ASSIGNED TASK: Only an exact copy is wanted: the lines from the one holding "Scheerapparaat voor mannen" through the last line below, minus the pictures.

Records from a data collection
——
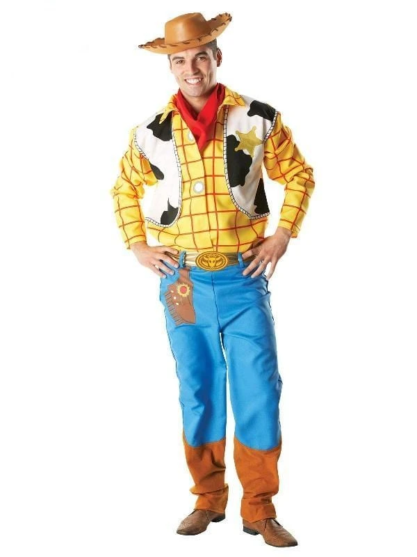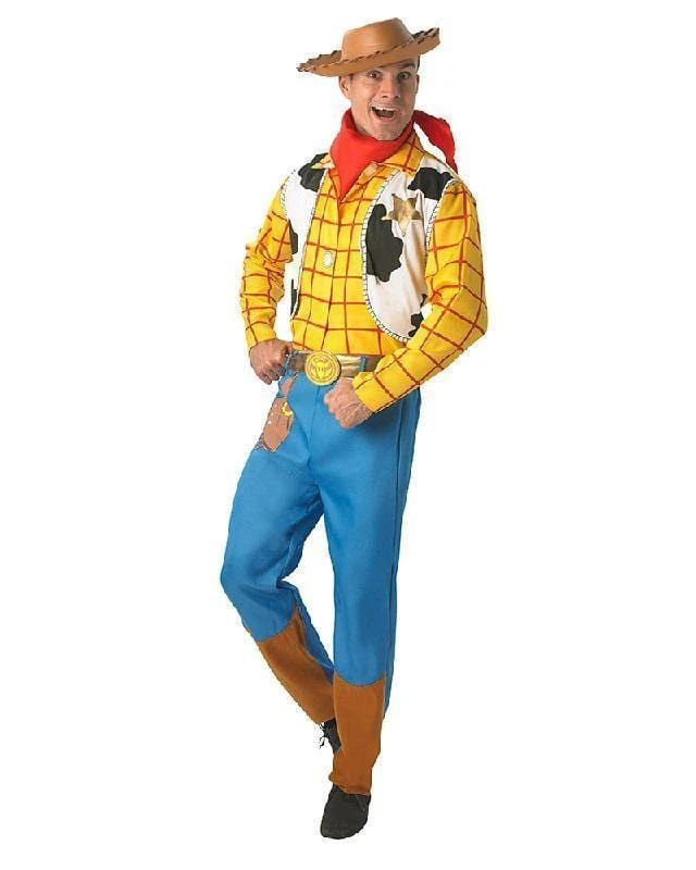 Andy’s favourite toy and everyone’s favourite cowboy, Woody from Toy Story. Â A Disney classic along with his pal, Buzz Lightyear. This Woody costume for adults includes yellow and red shirt, mock waistcoat, pants with printed belt buckle and holster, attached boot-covers, neckerchief and hat. Great for 90’s parties.
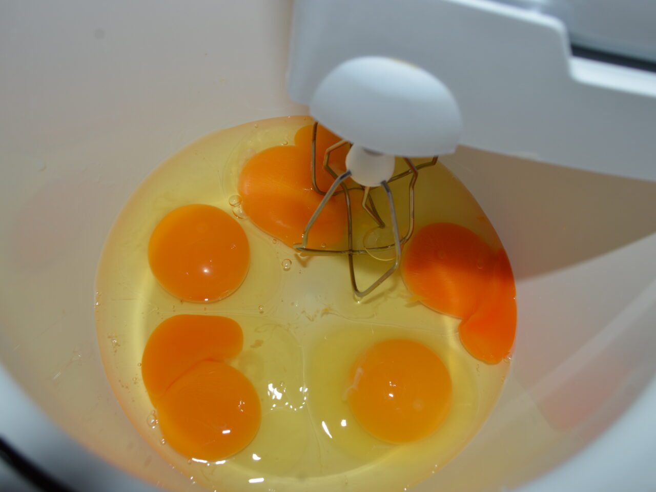 - Intr-un castron sparge-ti ouale, si bateti-le cu mixerul la viteza medie.
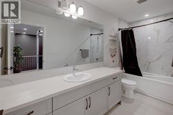 *****OPEN HOUSE Thursday December 4th 3pm to 5pm*****Welcome home to this show-stopping townhome in SW Airdrie, perfectly designed for modern living — with no condo fees! Enjoy mountain views from your private patio and every thoughtful upgrade throughout.The main floor features an open concept layout with a chef-inspired kitchen, granite waterfall island, full-height cabinets with valance lighting, and stainless steel appliances. Plus a gas line making a gas stove possible. The living area showcases porcelain tile fireplaces and designer finishes that set this home apart.Upstairs, the spacious primary suite offers a walk-in closet, luxurious ensuite with a floating vanity and motion-sensor lighting, plus a private balcony to take in the mountain views. Two additional bedrooms, upper laundry, and a full bath complete the level.Downstairs you’ll find a beautifully finished basement with a wet bar and brand-new mini fridge, perfect for entertaining.Other highlights include sound and safe party-wall insulation, R80 insulation value, 48 pot lights, 48"x24" tile in baths and mudroom, TV walls in all bedrooms and living spaces, exterior garage plugs, and a second hose bib.Double garage, landscaped yard, and a location steps from parks and new schools make this home the full package. Move-in ready and truly upgraded to the max! (id:27)
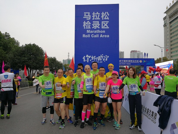 (圖3:微型馬拉松隊員合影) 集團副總裁劉猛先生帶領(lǐng)集團46名微型馬拉松隊員,甩開膀子、大步向前沖刺,賽道上大家不甘落后,互相鼓勵,以堅韌不拔、永不言棄的精神,超越自我極限,跑向終點,咸寧聯(lián)合水務(wù)羅志祥獲得了聯(lián)合水務(wù)微馬參賽人員第一名。 集團副總裁陳樵、James Beeson先生帶領(lǐng)17名全程、半程馬拉松隊員經(jīng)過1至3個多小時的激烈角逐,全部抵達終點。集團人事行政總監(jiān)楊麗霞是唯一跑全馬的女性,她以超人的毅力,鍥而不舍的精神跑完全程。新絳縣晉華生態(tài)環(huán)境工程有限公司總經(jīng)理夏學(xué)春和瑞昌市金達萊環(huán)保有限公司梅琳分別獲得聯(lián)合水務(wù)參賽人員半程和全程馬拉松第一名。集團領(lǐng)導(dǎo)分別為微型、半程和全程馬拉松獲獎運動員頒發(fā)了獎金。
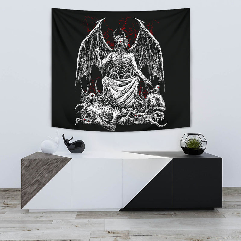 Skull Skeleton Winged Satanic Demon God Large Wall Tapestry Black And White Red
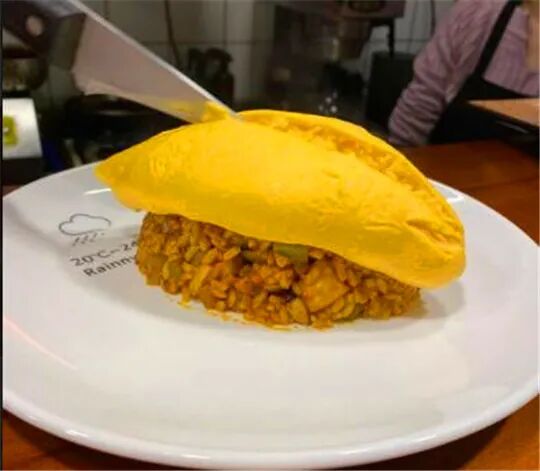 可以点传统日式蛋包饭,刚出炉带有黄金色泽的蛋包饭,用刀子温柔地划开蛋包表层,里面娇嫩的蛋液立马倾泻而出。半熟的滑蛋和米粒质地均匀的混合在一起,再以番茄酱汁调味和点缀。这般给米饭披上一件华丽外衣,既美味饱足又点亮心情。
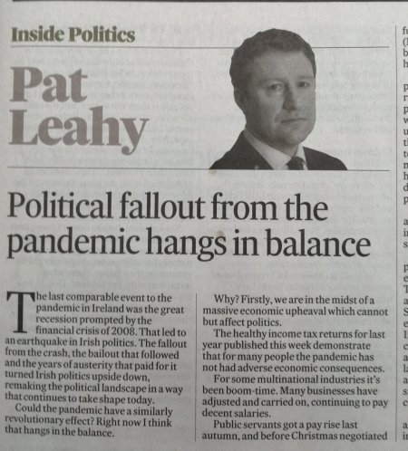 It’s bad enough that he writes as if the most important thing about the pandemic is not that people are dying but that there might be implications for Ireland’s political establishment. And that he takes the opportunity to take churlish swipes like “Many public servants have, of course, been working furiously hard. Some haven’t.” As a public servant who has put in countless hours of unpaid overtime over the past year that snide comment really got my goat, coming as it does from a Political Editor who trots out lazy evidence-free rubbish for a living.
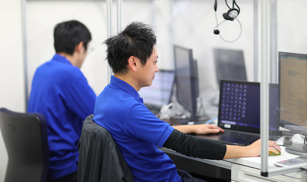 デルタ・シー・アンド・エスに入社して、10年。生産管理課を任されている勝田さん。毎日生産ラインの間を縫うように動き回り、管理業務を行う毎日だ。「部品や生地の調達が僕の仕事です」と勝田さん。自身で作業計画を作り、計画通りに生産作業を進めていくことに、最もやりがいを感じている。作業工程に合わせて必要なパーツの生地を裁断していく作業は、オペレーションシステムを使って自動で行われる。
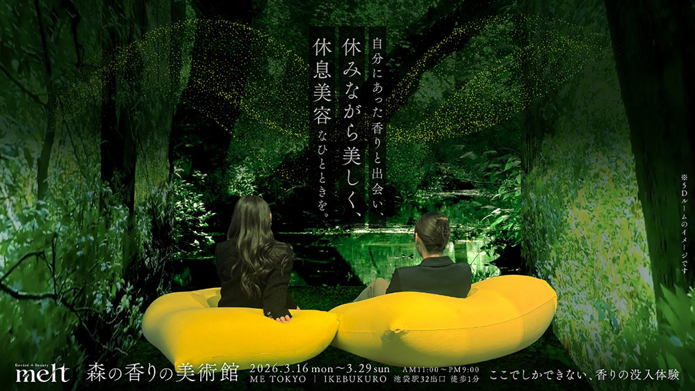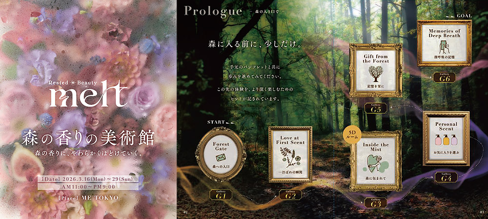 「melt」は、都会の真ん中で森林浴を楽しめる『森の香りの美術館』を、
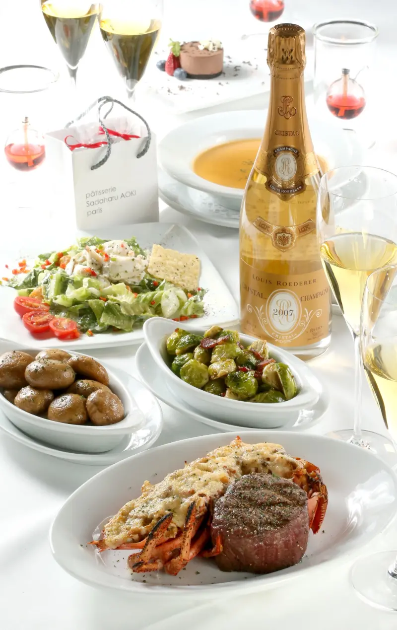 茹絲葵節慶套餐(Holiday Menu 2015),主菜秉持一貫傳統選用產量只占市場不到2%的美國U.S.D.A. Prime頂級牛肉,此次還特別推出菲力牛排搭配法式焗烤波士頓龍蝦的豪華組合。更特選全新料理,美國美食之都紐奧良式蟹肉凱薩沙拉-新鮮爽脆茹絲葵的經典凱薩沙拉,搭配以招牌油醋醬調味肥美多汁的蟹螯肉,讓人一口接一口。餐後以巧克力慕斯起司蛋糕與青木定治禮物,伴您度過美好佳節,同時也為這一場美食饗宴畫下完美句點。
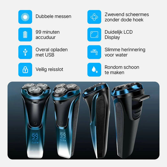 Scheerapparaat voor mannen Pro: Elektrisch nat en droog scheren, incl. GRATIS reisetui & 3 vervangende scheerkoppen
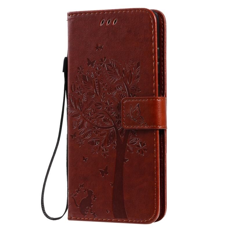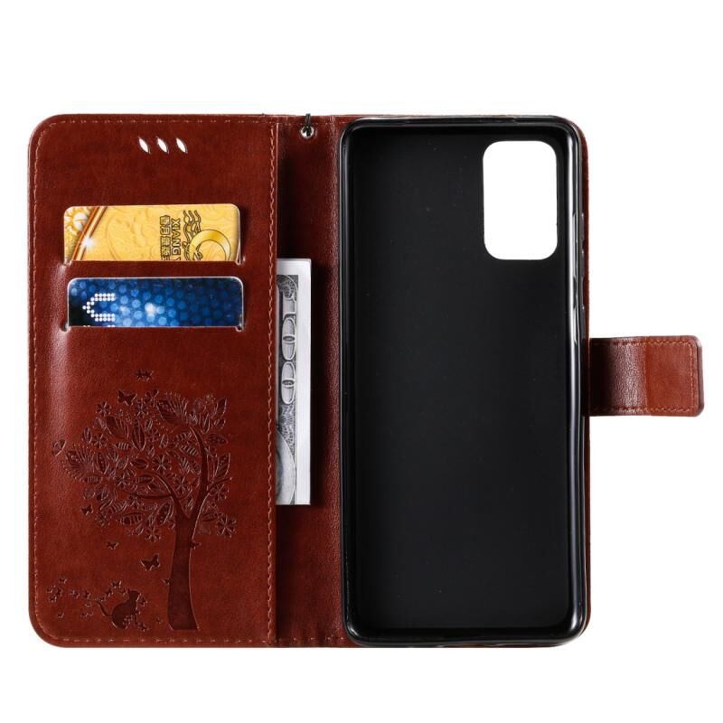 Θήκη για Galaxy S20+ με σχέδιο Δέντρου & Γάτας, εκτύπωση με πίεση, οριζόντια αναδιπλούμενη από δερματίνη PU με βάση & θήκες καρτών & πορτοφόλι & κορδόνι (Καφέ)
——
EXERCISE SOLUTION:
 Scheerapparaat voor mannen Pro: Elektrisch nat en droog scheren, incl. GRATIS reisetui & 3 vervangende scheerkoppen
 Θήκη για Galaxy S20+ με σχέδιο Δέντρου & Γάτας, εκτύπωση με πίεση, οριζόντια αναδιπλούμενη από δερματίνη PU με βάση & θήκες καρτών & πορτοφόλι & κορδόνι (Καφέ)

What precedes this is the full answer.